El rey de Aragón viajó a Roma y se convirtió en vasallo de la Santa Sede. En justa correspondencia, el papa predicó una nueva cruzada contra el islam hispano. La isla de Sicilia, a la que habían acudido los normandos llamados a una cruzada, había sido abandonada por los musulmanes y la cristiandad esperaba que este ejemplo se repitiera en la Península Ibérica. Todos los reyes cristianos estaban convencidos de que aquel momento significaba el cambio en la situación política del mundo mediterráneo. Por primera vez desde su aparición en las orillas de este mar, los musulmanes perdían la iniciativa militar en favor de los cristianos. En los últimos meses de su vida, el papa Alejandro II promulgó una bula en la que se designaba al conde Eblo de Roucy, cuñado del rey de Aragón, como jefe de esta nueva expedición contra los musulmanes de al-Andalus. Los mercaderes trajeron la noticia hasta Zaragoza, pero los espías de al-Muqtádir le comunicaron que el movimiento de tropas era muy escaso y que los efectivos cristianos que habían respondido a la llamada del papa católico no suponían ninguna amenaza seria para sus territorios. Los escasos cruzados, ante la endeblez de sus fuerzas y efectivos y desmoralizados por la pronta muerte del Sumo Pontífice, se disolvieron sin ejecutar una sola acción guerrera. En Roma fue elegido nuevo pontífice el monje Hildebrando, el rival del cardenal Humberto de Selva Cándida, que adoptó el nombre de Gregorio VII. Al llegar la noticia a Zaragoza, Juan supo que aquel hombre traería días de gloria para la Iglesia y sin duda de dificultades para los musulmanes.
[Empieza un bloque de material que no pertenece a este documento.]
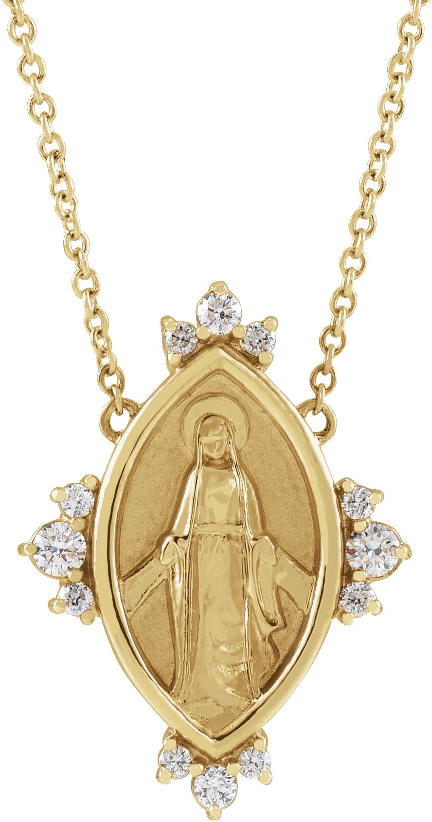 R45418 / Necklace / Set / 14K Yellow / Round / Natural Diamond / Natural Diamond / I1, G-H / 18 In / Polished / 1/5 Ctw Natural Diamond Miraculous Mary Necklace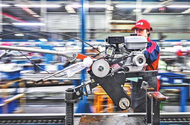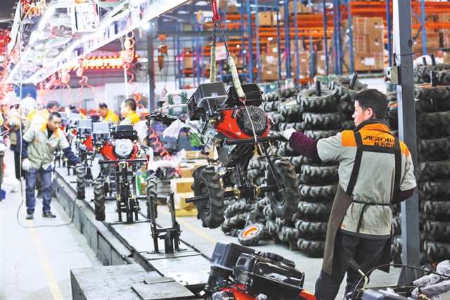 位于巴南区的一家农机公司,工人在装配耕作机。通讯员 李攀 摄/视觉重庆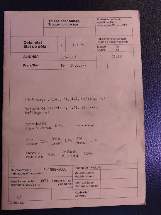 Steyr Puch Haflinger Etat Liste schweizer Armee Kaufen auf Ricardo

Aquel verano del año 465 de la hégira, 1073 del calendario cristiano, comenzaron las obras del pórtico sur del patio central del Palacio de la Alegría. La prisa del rey por trasladarse a vivir a su nueva residencia había obligado a interrumpir los trabajos, dejando inconclusas algunas partes. La entrada protocolaria al patio principal, donde se disponían las dos albercas, una de agua amarilla y otra azul, se realizaba para los embajadores desde el lado sur, después de atravesar el pasillo laberíntico, el salón del estanque de mercurio y la sala de espera. Desde ella se accedía al patio a través de una puerta que se abría directamente y que ahora sólo la protegía un pabellón de lona. Sobre el plano, el arquitecto había diseñado un pórtico de cinco arcos cruzados sostenidos por pares de columnas de pórfido, similares a las del lado norte. El arquitecto que comenzó los trabajos, el eficaz y brillante Jalid ibn Yusuf, había fallecido pocos meses después de la inauguración de su obra y a su muerte había sido nombrado como arquitecto real un joven maestro malagueño llamado Said al-Jair, que estaba dirigiendo la construcción del palacio real de la alcazaba de la ciudad fronteriza de Balaguer, a las órdenes de al-Muzaffar, el rey de Lérida, hermano y enemigo de al-Muqtádir.

El malagueño inspeccionó con Juan los planos de su antecesor y decidió llevar a cabo algunas transformaciones.

—Para las nuevas modas —expuso—, estos planos de Jalid son demasiado clásicos; carecen del dinamismo y de la fuerza expresiva que se impone en la arquitectura moderna. Las líneas son demasiado sobrias, sin movimiento, no trasmiten apenas ninguna sensación. La arquitectura actual es más etérea, más sutil, más alegre. Los cambios que propongo producirán sin duda nuevos efectos y darán al conjunto una mayor gracilidad. Quiero provocar una sensación de vértigo desbocado, de tumultos encontrados, de líneas vibrantes que se crucen en todas las direcciones sin romper en ningún momento la armonía y el equilibrio de lo ya construido.